Michael D'Angelo;2100956 said:


> I am using Windows Home Server software with an HP MediaSmart Home Server and it works great. It backs up my four PC's with Vista every night. I have not had a problem yet. I have not installed Windows 7 yet to test it but I don't see it having a problem. I believe the software works with up to 10 PC's.
> 
> If you have an old PC to run it on you can try a 120 day trial free on Microsoft's site.


Agreed, WHS is awesome. It does work with W7 as well.


----------



## BattleZone (Nov 13, 2007)

WHS is absolutely the easiest backup solution yet made. 100% automated, very reliable, and easy to use.

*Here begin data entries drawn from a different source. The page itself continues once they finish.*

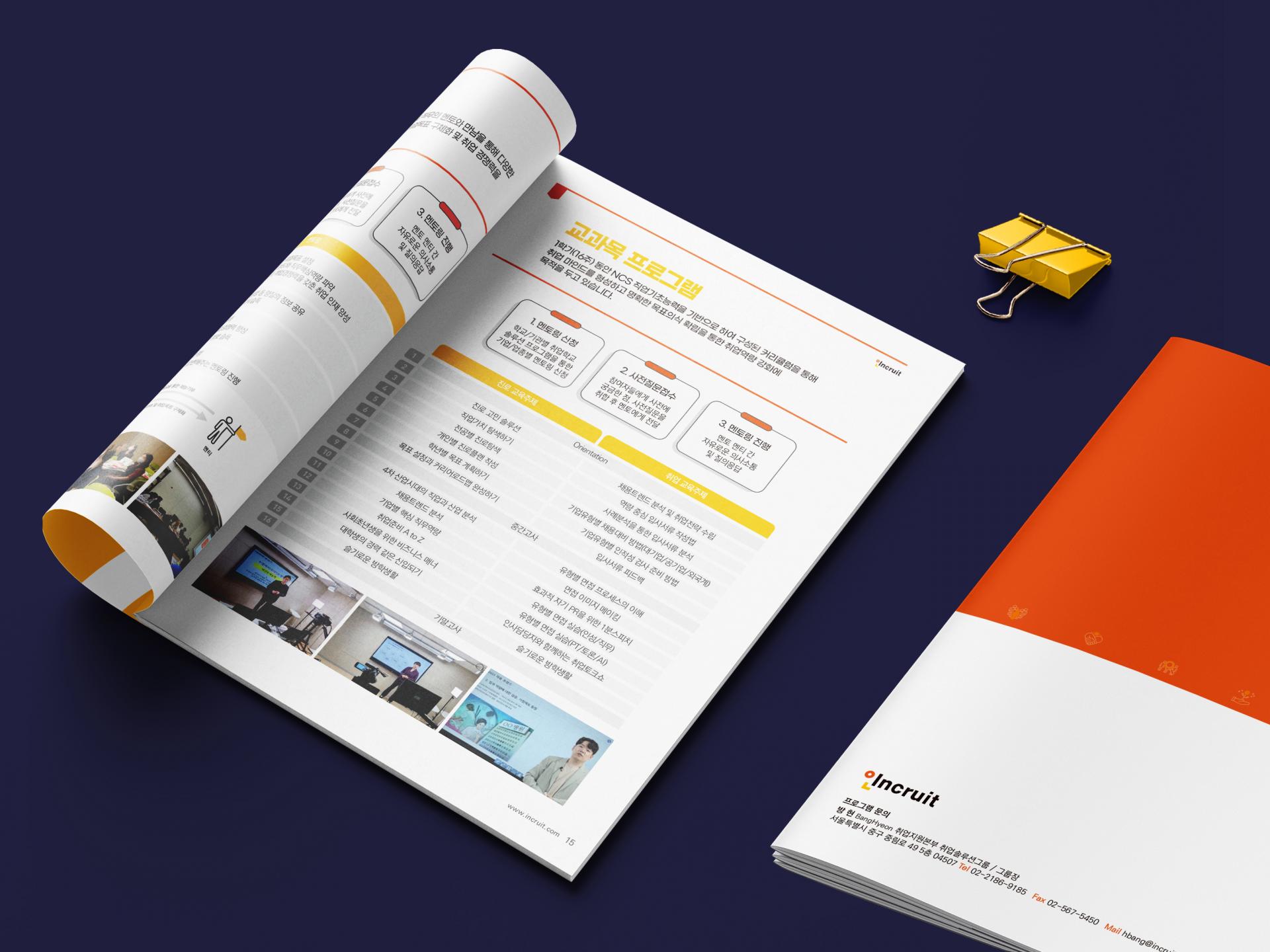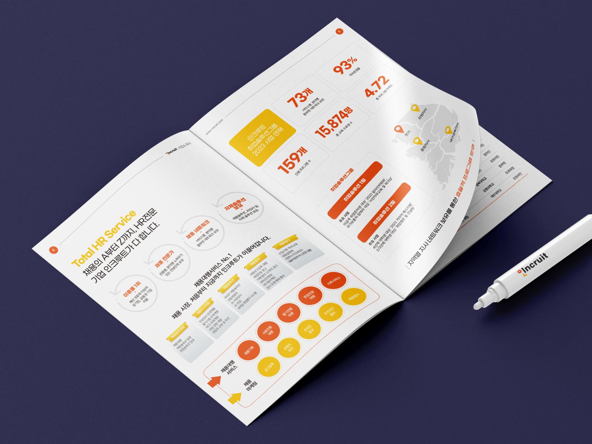 인크루트 취업솔루션그룹 사업을 기하학 도형과 아이콘을 활용하여 감각적으로 표현한 브로셔입니다. CI의 메인 컬러인 오렌지, 옐로우 조합으로 브랜드 아이덴티티를 강조했고, 내지는 다양한 레이아웃과 인포그래픽, 일러스트 요소를 사용하여 다채로운 느낌으로 디자인했습니다.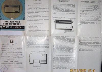 Транзисторный радиоприёмник "Этюд-603" выпускался Минским радиозаводом с 1971 года.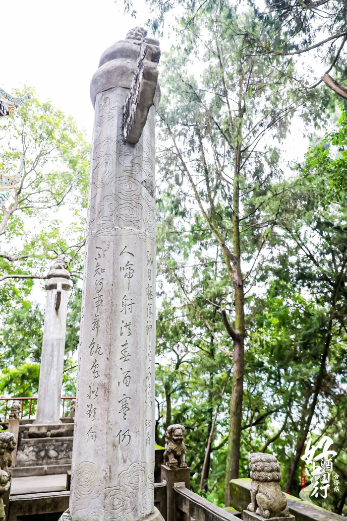 |金华山道观入口两旁立了两根华表,刻有杜甫两首诗文,分别为《野望》和《冬到金华山观,因得故拾遗陈公学堂遗迹》。摄影/好酒地理局视频中心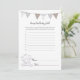 A fun game for the gender reveal party is the Guess that baby food game. This game features a silver grey and brown banner at top and a baby elephant at bottom. On the reverse is a baby elephant smiling with its trunk raised upward with templates.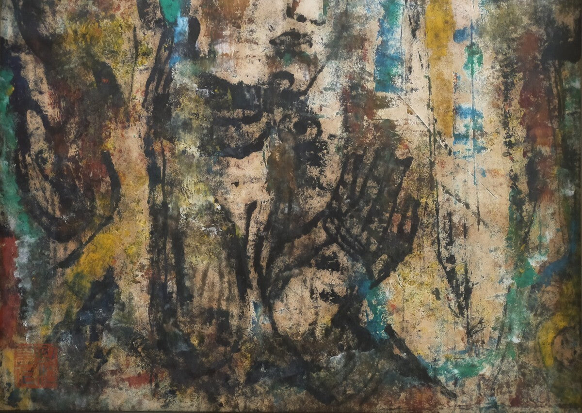 Kong Baiji (China) - Stone Buddha Unique Oil Stick On Paper Original Painting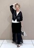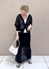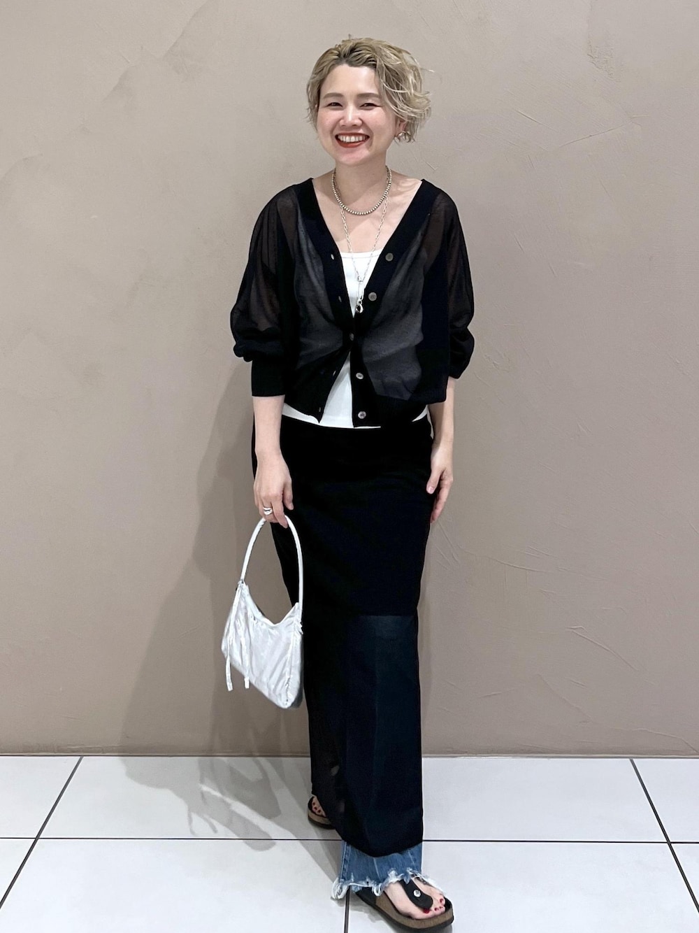 シアー素材のカーディガンとナロースカートの セットアップコーデ。 デニムをレイヤードする事でほどよいカジュアル感をプラスしました♡ シアー素材ならブラックを基調にしたコーディネートも 重たい印象にならないのでオススメです♪ アクセサリー:スタッフ私物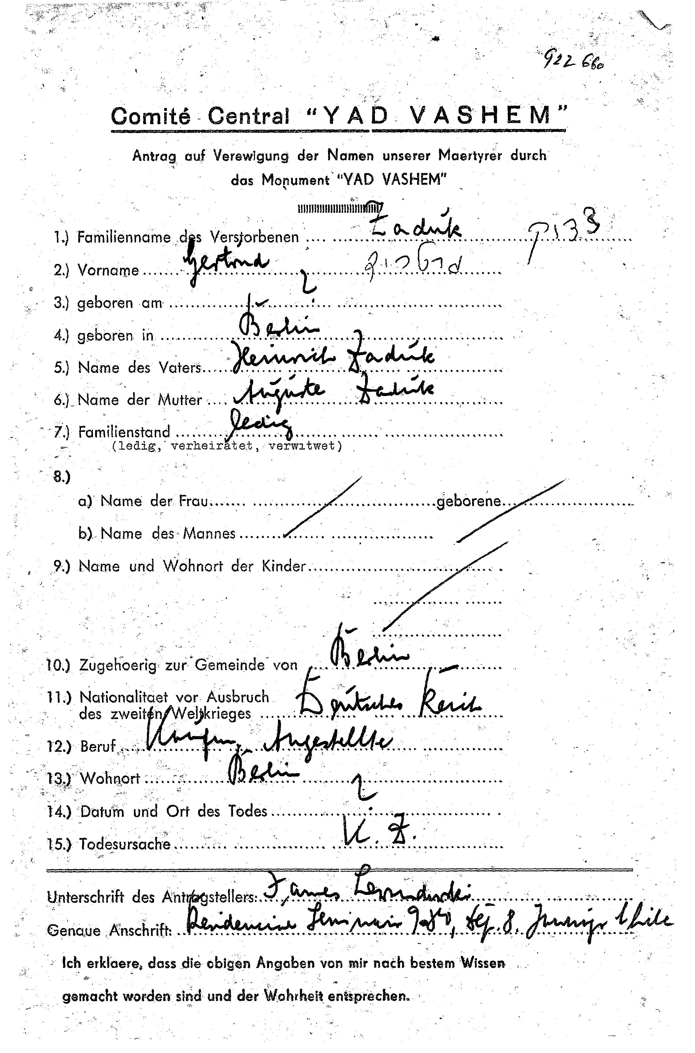 Zaduk Tzadok Gertrud Berlin, Germany Page of Testimony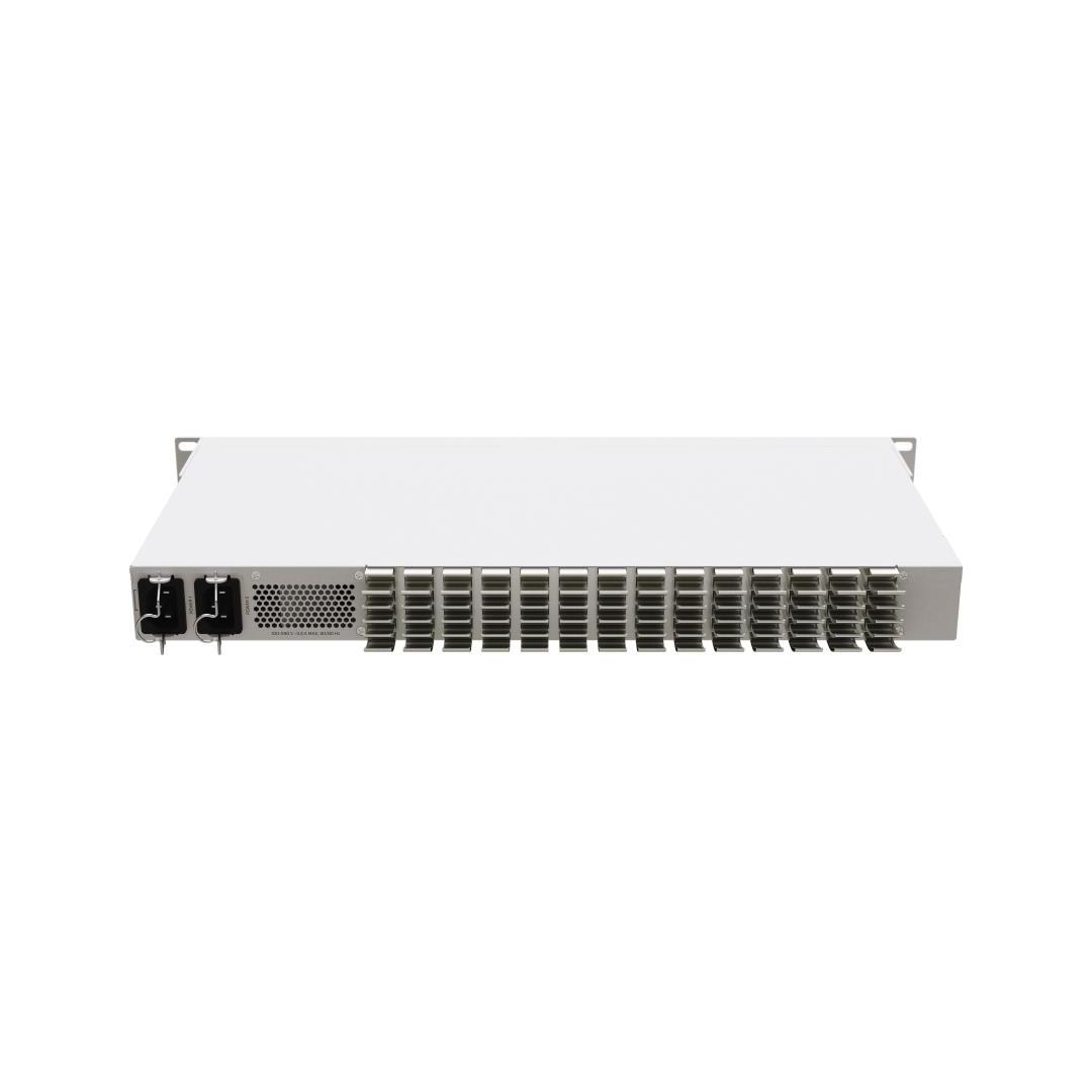 Unit Net Weight 3.92 kg More offices, studios, and other professional environments are making the switch to the fast and reliable 2.5 Gigabit standard. So we wanted to create an affordable solution that could be at the heart of this everchanging landscape, making your life easier, saving your budget, and offering extra flexibility with excellent port-density and additional ultra-fast fiber interfaces. The new CRS326 offers all that and even more! There are 20x 2.5 Gigabit Ethernet ports, 4x COMBO ports that can either be used as 4x additional 2.5 Gigabit Ethernet ports OR as 10G SFP+ interfaces, and on top of all that – there are 2x 40 Gigabit QSFP+ cages for ultra-fast fiber connectivity. Practical and future-proof! The mighty Marvell Prestera switch-chip that comes with a dedicated CPU can handle all your daily tasks without breaking a sweat. VLAN’s, Jumbo frames, link aggregation, ACL rules… You can even do some Layer3 routing! Dual-redundant power supplies and an extra 100 Mbps Ethernet port for management purposes will save you a lot of troubles in the long run. And we’ve included everything you need to secure this marvelous switch in a standard 19” rackmount! Like many MikroTik devices, this one was born out of necessity. Our video team needed a fast, costeffective solution that would enable them to connect all the studio devices without the need for a dedicated rack – the studio has no extra space. They use the 2.5 Gigabit Ethernet ports to connect all the equipment, computers, extra screens and recorders, and so on. Then the four combo ports go to other departments in case they need to transfer some footage for review. One 40 Gigabit line goes to the NAS media server and another 40 Gigabit line goes to the editor’s multimedia station where all the magic happens. This is a wirespeed switch, so the team can get maximum speed on all the ports and make all the videos so much faster.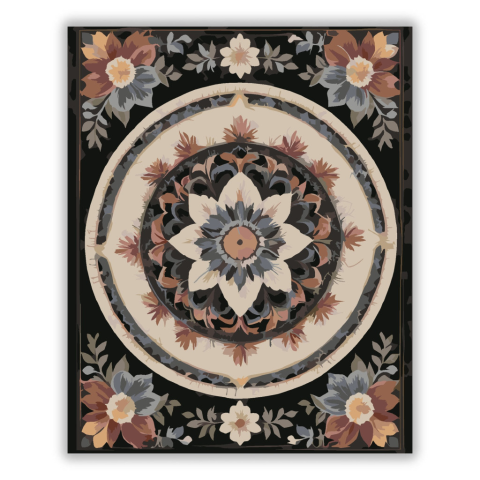 Virágos Mandala Bonyolult Mintázattal - számfestő készlet – 40×50 cm (Keret nélkül) A festmény egy részletes, virágos mandalát ábrázol, amelyben szimmetrikus, koncentrikus minták és levélmotívumok jelennek meg. A fekete, krémszínű, kék és vörös árnyalatok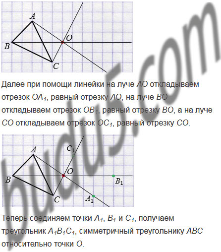 Перерисуйте рисунок 158 в тетрадь и постройте фигуру, симметричную треугольнику АВС относительно точки О.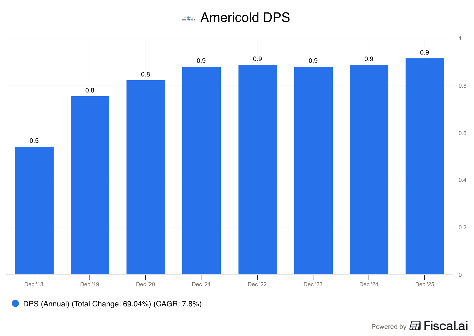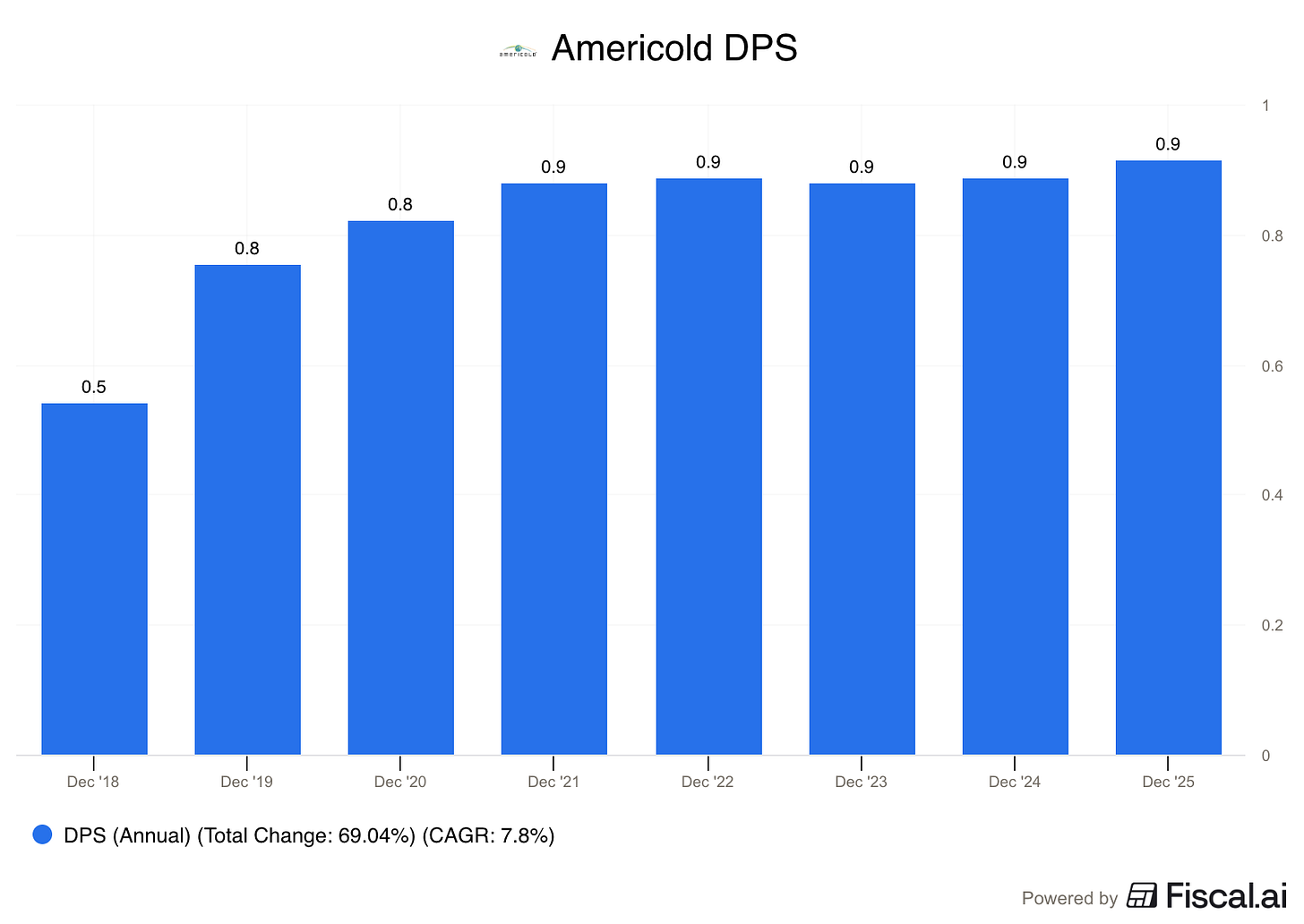 Americold went public in 2018, and has paid dividends consistently since then but has not raised them every single year.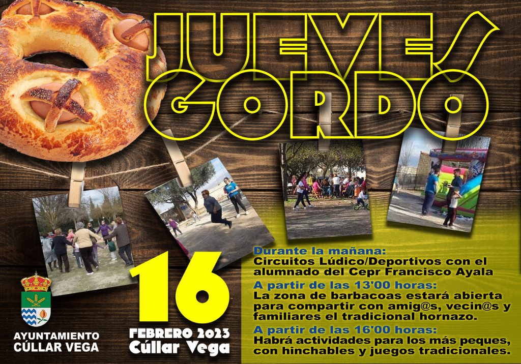 El próximo 16 de febrero disfrutaremos del tradicional #JUEVESGORDO en Cúllar Vega, una fiesta que se celebra cada año el jueves anterior al Miércoles de Ceniza, justo antes de los Carnavales.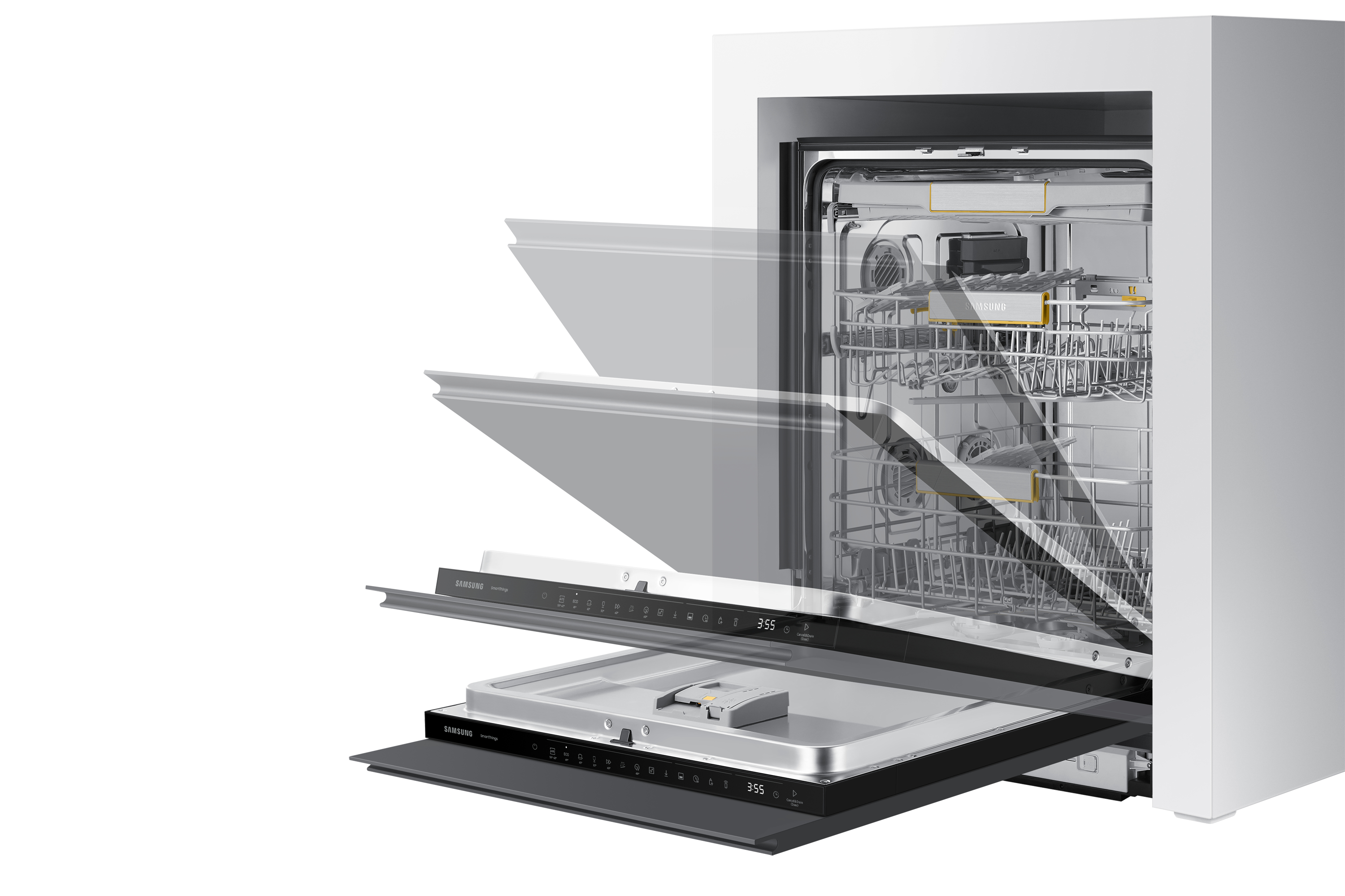 Prendersi cura della lavastoviglie è più facile che mai. SmartThings Home Care[13] monitora e analizza i consumi, aiutandoti nella diagnosi e risoluzione dei problemi. Inoltre, il sistema ti indica automaticamente quando è il momento di sostituire sale o brillantante, e ha in dotazione una guida per l'utilizzo con suggerimenti utili e un manuale utente.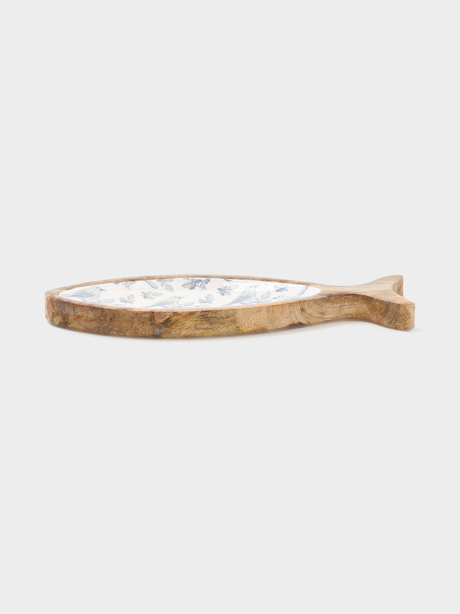 Блюдо в форме рыбки "Синие птицы", 32x11.5x2 см, дерево манго, 11.5x32x2 см., Индия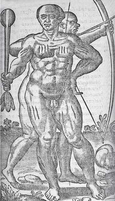 As for those who have committed these murders, they think that it is to their great glory and honor; the same day that they have dealt the death blow, they withdraw and have incisions made, to the point of drawing blood, on their chests, thighs, the thick part of their legs, and other parts of the body. And so that it may be visible all their lives, they rub these slits with certain mixtures and with a black powder that cannot ever be effaced. The more slashes they carry the more renowned they will be for having killed many prisoners, and they are consequently esteemed the more valiant by others. (So that you can understand this more clearly, I have repeated the illustration of the savage covered with slashes, next to whom there is another one drawing a bow.)22

One of my PCs had a drive fail. Dropped in a new drive and the WHS restore CD. Booted from the CD, logged into the server, picked the latest backup for that machine (the day before), and 45 minutes later, the PC was back in service exactly like before. Doesn't get much easier.


----------



## harsh (Jun 15, 2003)

I personally don't like the idea of backing up my data on another computer that may just as well fail. Even the most redundantly RAIDed machine can have a hardware failure and you can't always find a suitably identical replacement motherboard and/or RAID controller anymore (I've been bitten by this twice).

I like Acronis for doing image backups and Genie Backup Manager for doing backups to conventional media. I use image backups to do the basic OS installation and then automated incremental backups (with revision history) for the data. Genie can produce executable backup files which can be a real lifesaver.


----------



## Cholly (Mar 22, 2004)

I use Acronis True Image and backup to an external hard drive. Doing backups to an internal drive is self-defeating.


----------



## Marlin Guy (Apr 8, 2009)

I only backup data, as the OS and programs can be reinstalled easily enough.
Acronis works well, as does the software that ships with most external drives like Maxtor's one touch series.

There are also some free apps available from Cnet's download.com.
I used Syncback for someone the other day and it works well.


----------



## BattleZone (Nov 13, 2007)

I back up my WHS to an external drive once a month or so, so I have no issues relying on it to work. That wasn't an original feature of WHS, but it was one of the top request, and MS delivered it in an update a few months back.


----------



## Stuart Sweet (Jun 19, 2006)

Actually Windows Backup, the one that comes with it, isn't that bad either. I have been using it since my two prior choices, Norton Ghost and EMC Retrospect, aren't compatible with 64-bit Vista.


----------



## CorkyMuldoon (Oct 6, 2006)

Cholly said:


> I use Acronis True Image and backup to an external hard drive. Doing backups to an internal drive is self-defeating.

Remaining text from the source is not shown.